### EXTRACTED MATERIAL:

# # # #

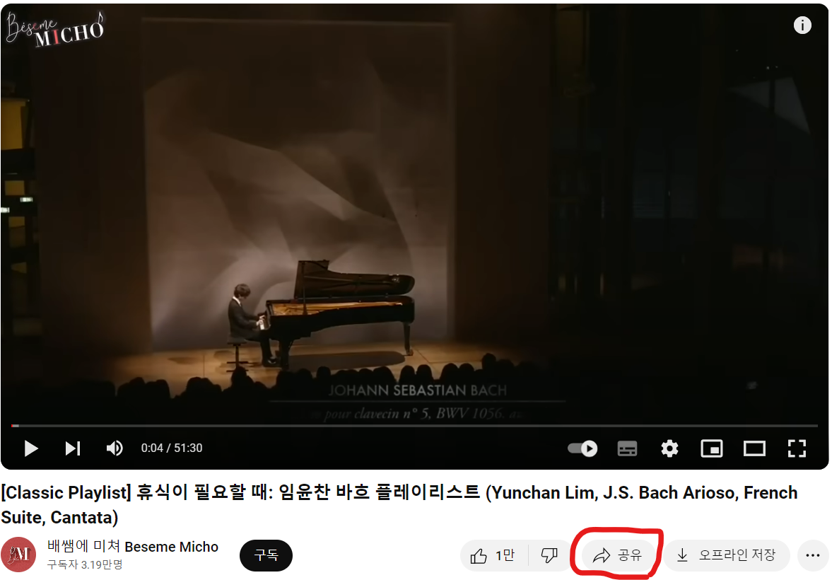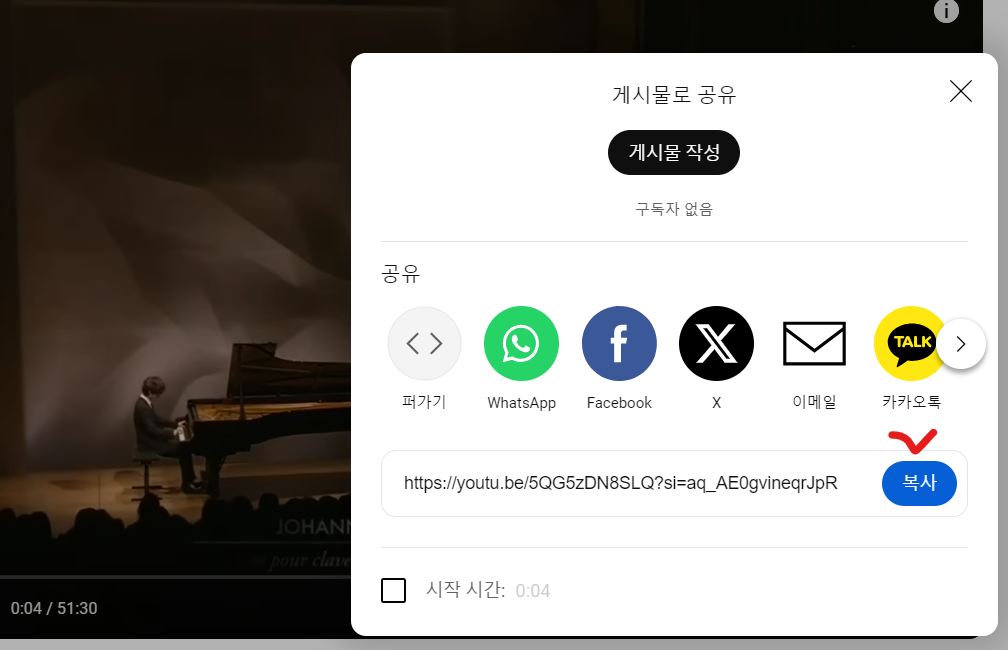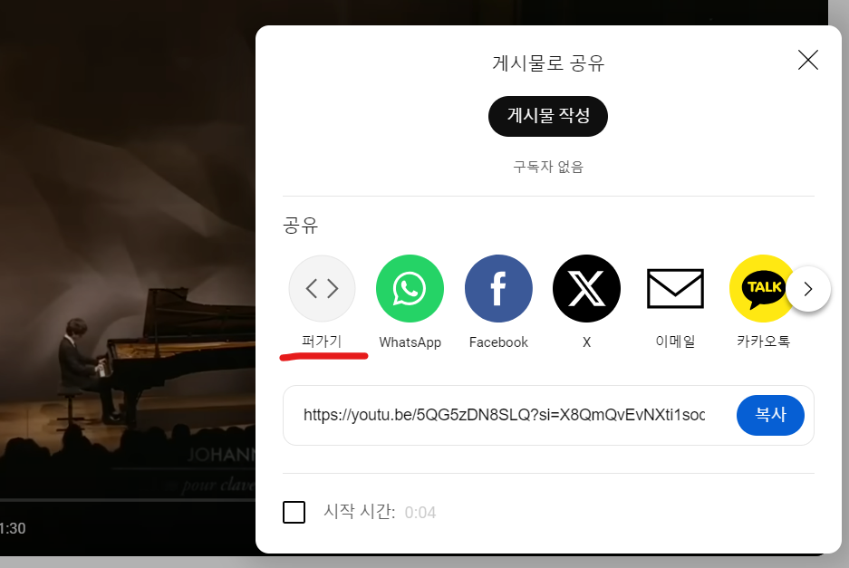 먼저 유튜브 사이트에 들어가 연결할 영상을 검색하고 영상 하단 ‘공유’를 클릭하면 아래와 같은 팝업이 뜨고 여기서 주소를 복사해 둔다.
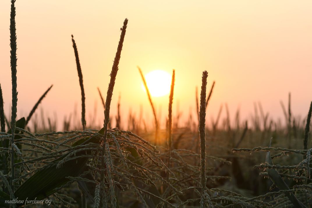 Sun setting over a corn field in southern MN.
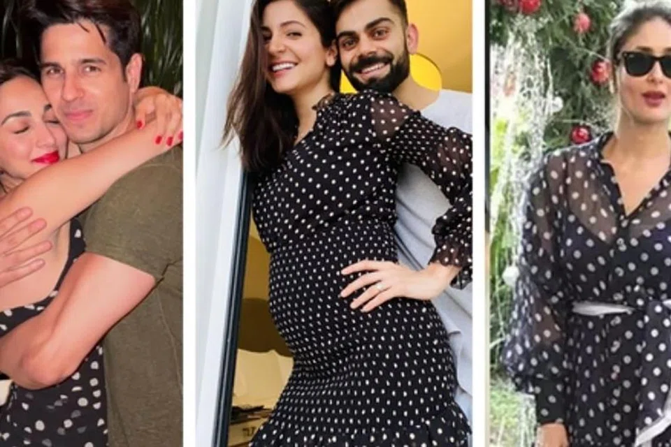Just two months ago, Kiara posted a photo with Sidharth in a stylish polka-dot dress. Anushka Sharma (centre, with Virat Kohli) announced her pregnancy in 2020 wearing a polka-dotted dress, while Kareena Kapoor (right) also opted for a polka-dotted dress as part of her maternity wardrobe.
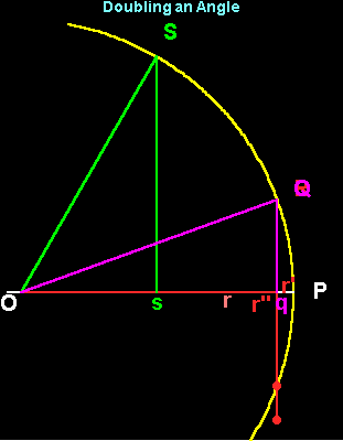 Those skillful in geometry, will find no great difficulty applying entirely analogous methods, to determine the position of the {third shadow}, s -- first in terms of r, and then in terms of q. It turns out that the distance Os is equal to 4XXX - 3X. Thus, {tripling} an angle results in {cubic} relationship among the corresponding "shadows" -- i.e. one involving the {third power} of X. Hence, by inversion, the implicit relationship between {trisecting an angle} and constructing the {cube root} of a given quantity, which is the general form of the classical problem of doubling a cube.
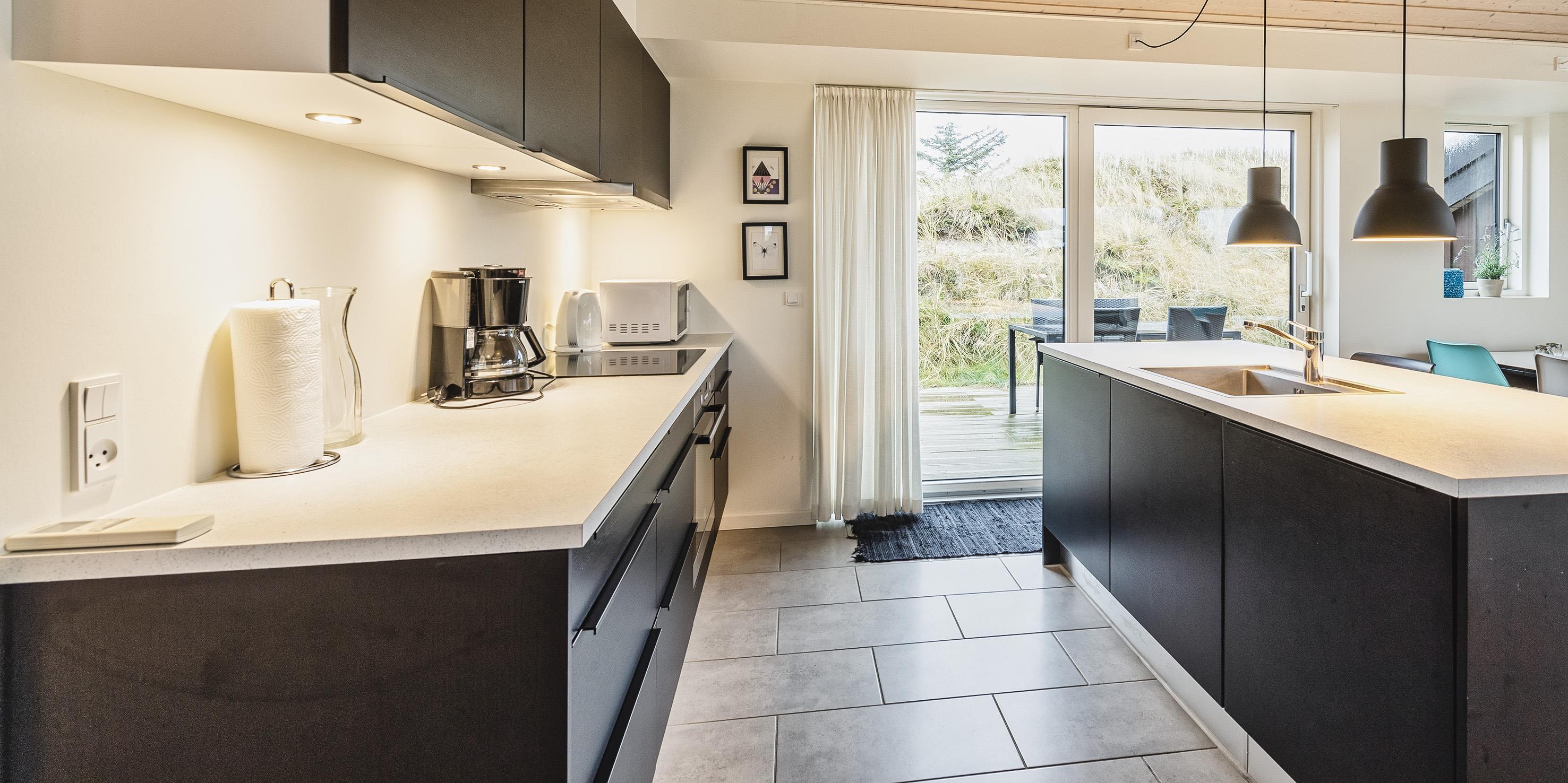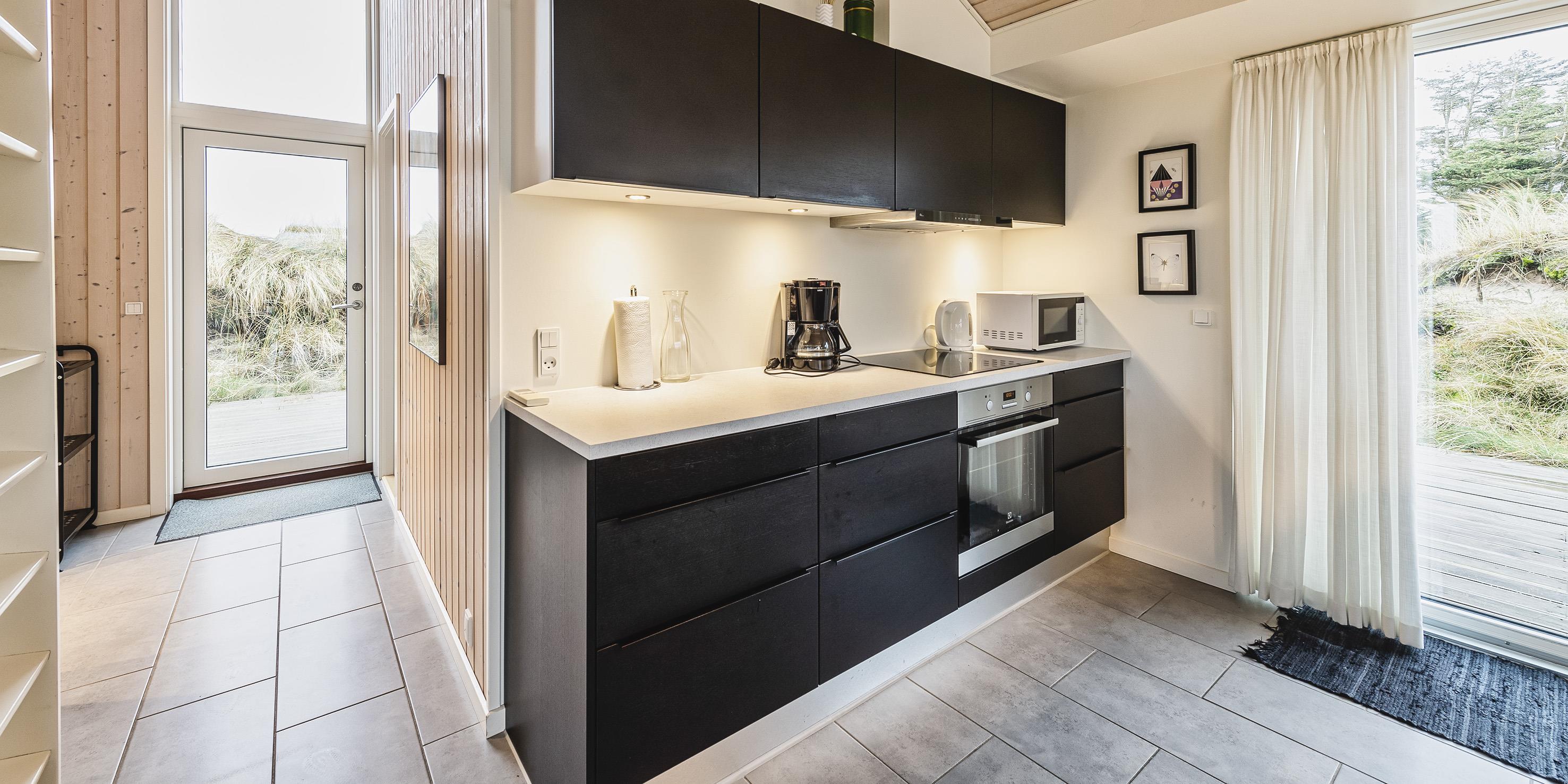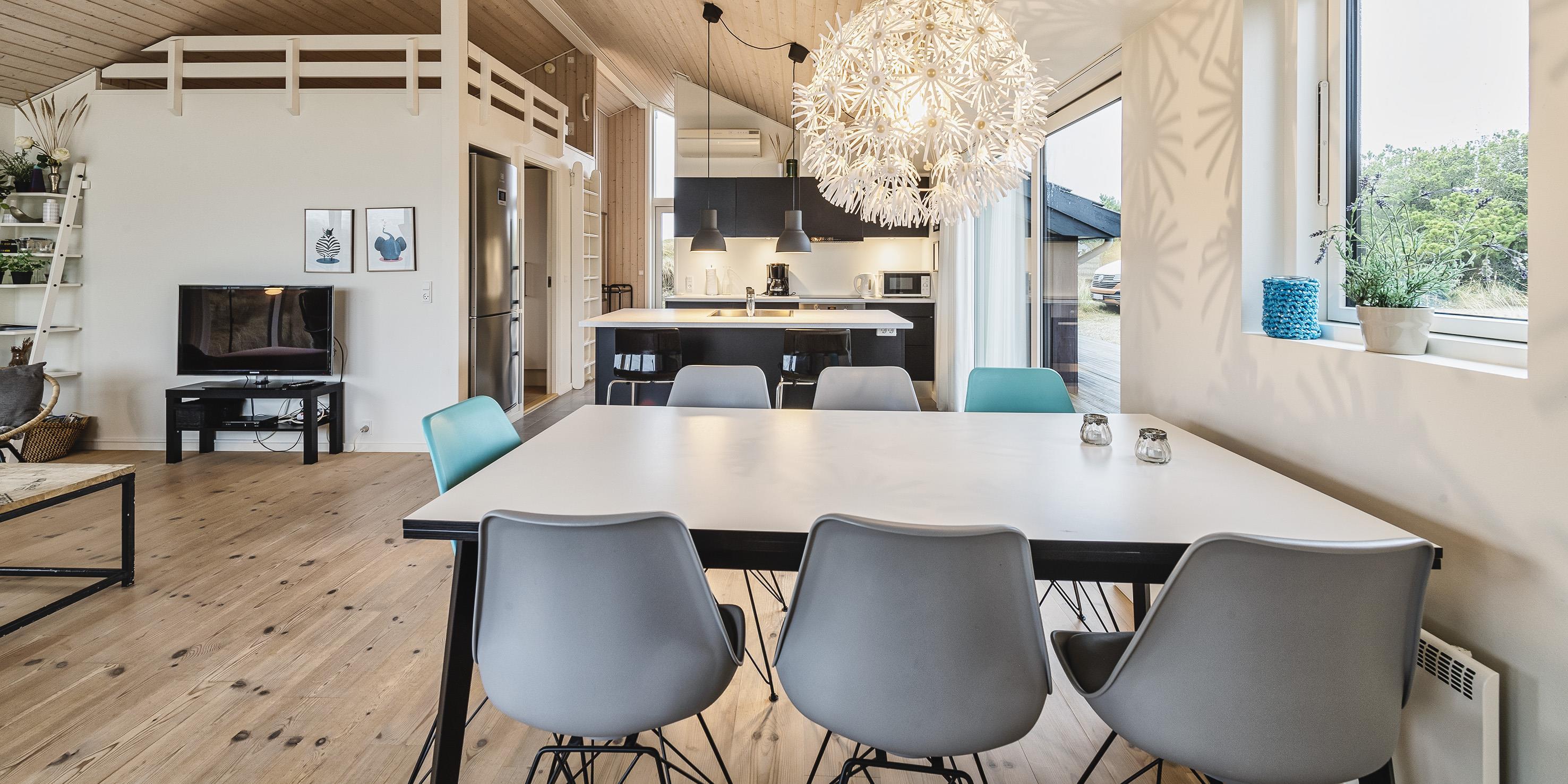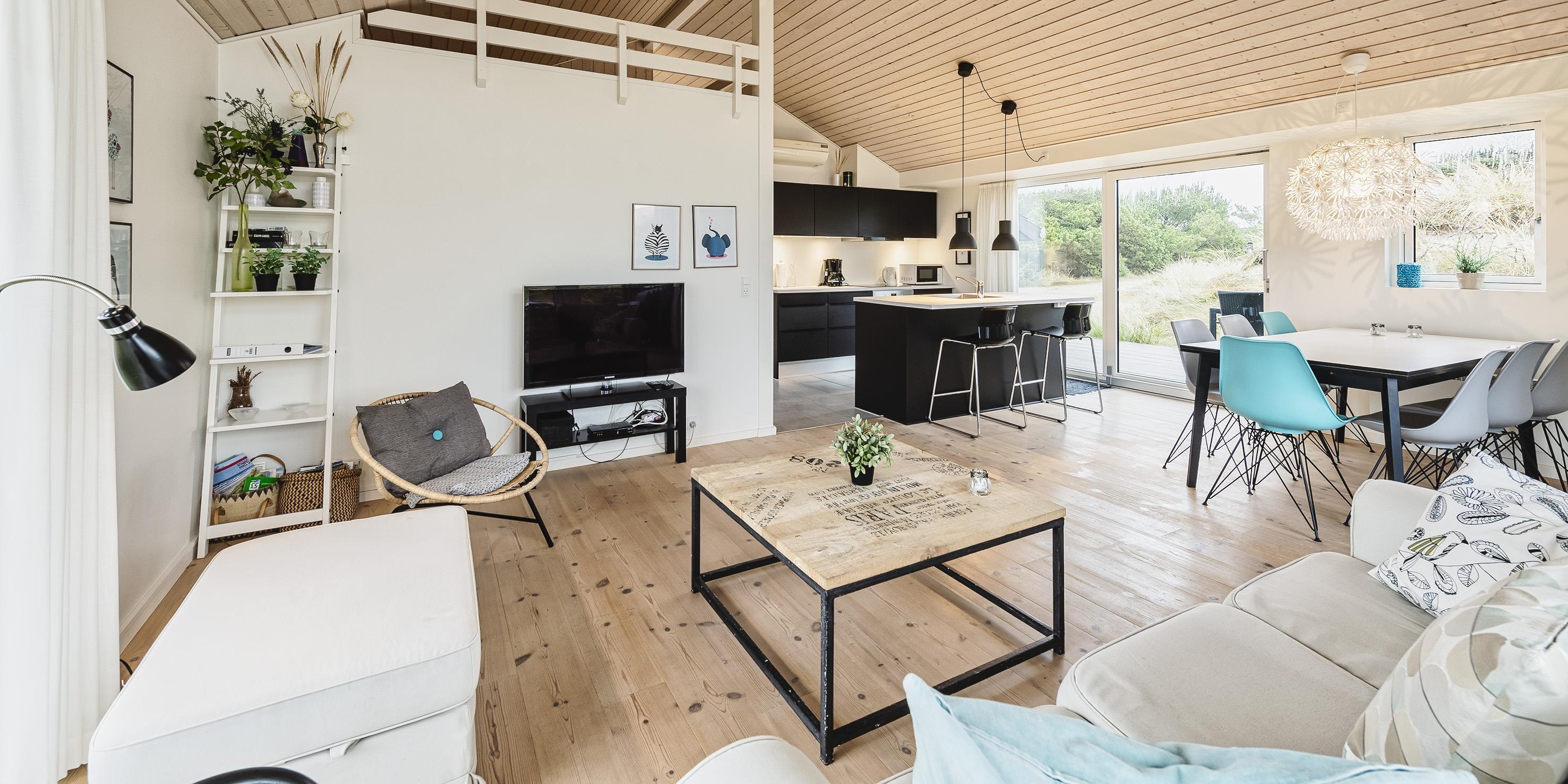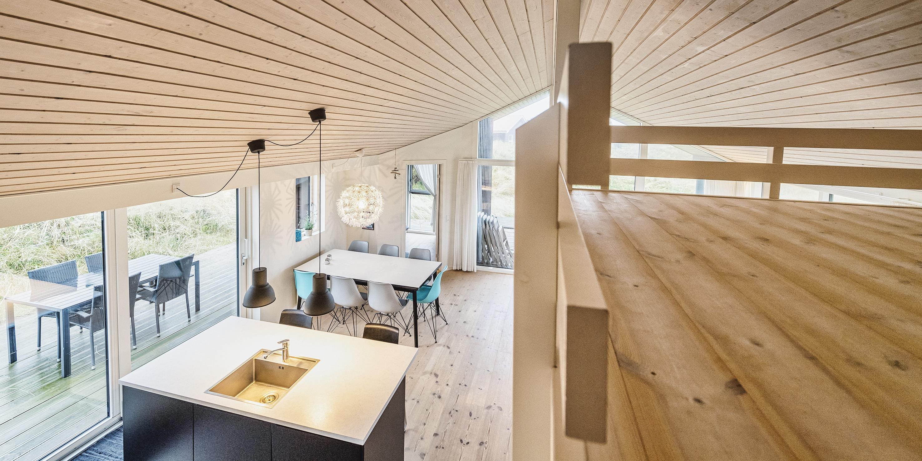 Attraktives, flottes und relativ neues Ferienhaus auf einer Düne gebaut und für 6 Personen ausgestattet. Es sind rund 300 Meter vom Ferienhaus zum Strand. Das ganze Ferienhaus ist mit einem tollen Holzfußboden verlegt, außer die Bereiche der Küche, des Badezimmers und des Eingangs. Das Wohnzimmer ist geschmackvoll eingerichtet und durch die großen Fenster kommt viel Licht in das Haus. Ein kleiner Hems verleitet zum relaxen ein. Es befindet sich eine Warmepumpe im Ferienhaus. Mit dieser Warmepumpe haben sie die Möglichkeit die Stromkosten zu senken, denn die Warmepumpe ist energiesparend. Das deutsche Fernsehprogramm ist über eine Parabolantenne zu empfangen. Google Chromecast. Die offene Küche ist sehr modern und verfügt über einen Herd mit Cerankochfeld, einem Backofen, einer Geschirrspülmaschine, einer Mikrowelle und einer Kühl- und Gefrierkombination. Das Badezimmer ist mit einem WC, einem Handwaschbecken, einer Dusche und einer Fußbodenheizung ausgestattet. Die Waschmaschine ist im Badezimmer untergebracht. Das Ferienhaus verfügt über drei Schlafzimmer: DB + DB + 2B. Das Ferienhaus verfügt über einen Internetanschluss (W-Lan). Es gibt eine große Holzterrasse, die fasst um das ganze Ferienhaus verlegt ist. Ein Teil davon ist sogar überdacht. Für dieses Ferienhaus entstehen Zusatzkosten für den Wasserverbrauch. Es sind keine Haustiere erlaubt. Das Rauchen im Ferienhaus ist auch nicht erlaubt. Das Ferienhaus ist in 2014 gebaut worden.

# # # #

### YOUR TASK:
Leave out any pictures, please, and quote only the lines from the top of the data through the line that contains "Those skillful in".

### WRITTEN RESPONSE:
 먼저 유튜브 사이트에 들어가 연결할 영상을 검색하고 영상 하단 ‘공유’를 클릭하면 아래와 같은 팝업이 뜨고 여기서 주소를 복사해 둔다.
 Sun setting over a corn field in southern MN.
Just two months ago, Kiara posted a photo with Sidharth in a stylish polka-dot dress. Anushka Sharma (centre, with Virat Kohli) announced her pregnancy in 2020 wearing a polka-dotted dress, while Kareena Kapoor (right) also opted for a polka-dotted dress as part of her maternity wardrobe.
 Those skillful in geometry, will find no great difficulty applying entirely analogous methods, to determine the position of the {third shadow}, s -- first in terms of r, and then in terms of q. It turns out that the distance Os is equal to 4XXX - 3X. Thus, {tripling} an angle results in {cubic} relationship among the corresponding "shadows" -- i.e. one involving the {third power} of X. Hence, by inversion, the implicit relationship between {trisecting an angle} and constructing the {cube root} of a given quantity, which is the general form of the classical problem of doubling a cube.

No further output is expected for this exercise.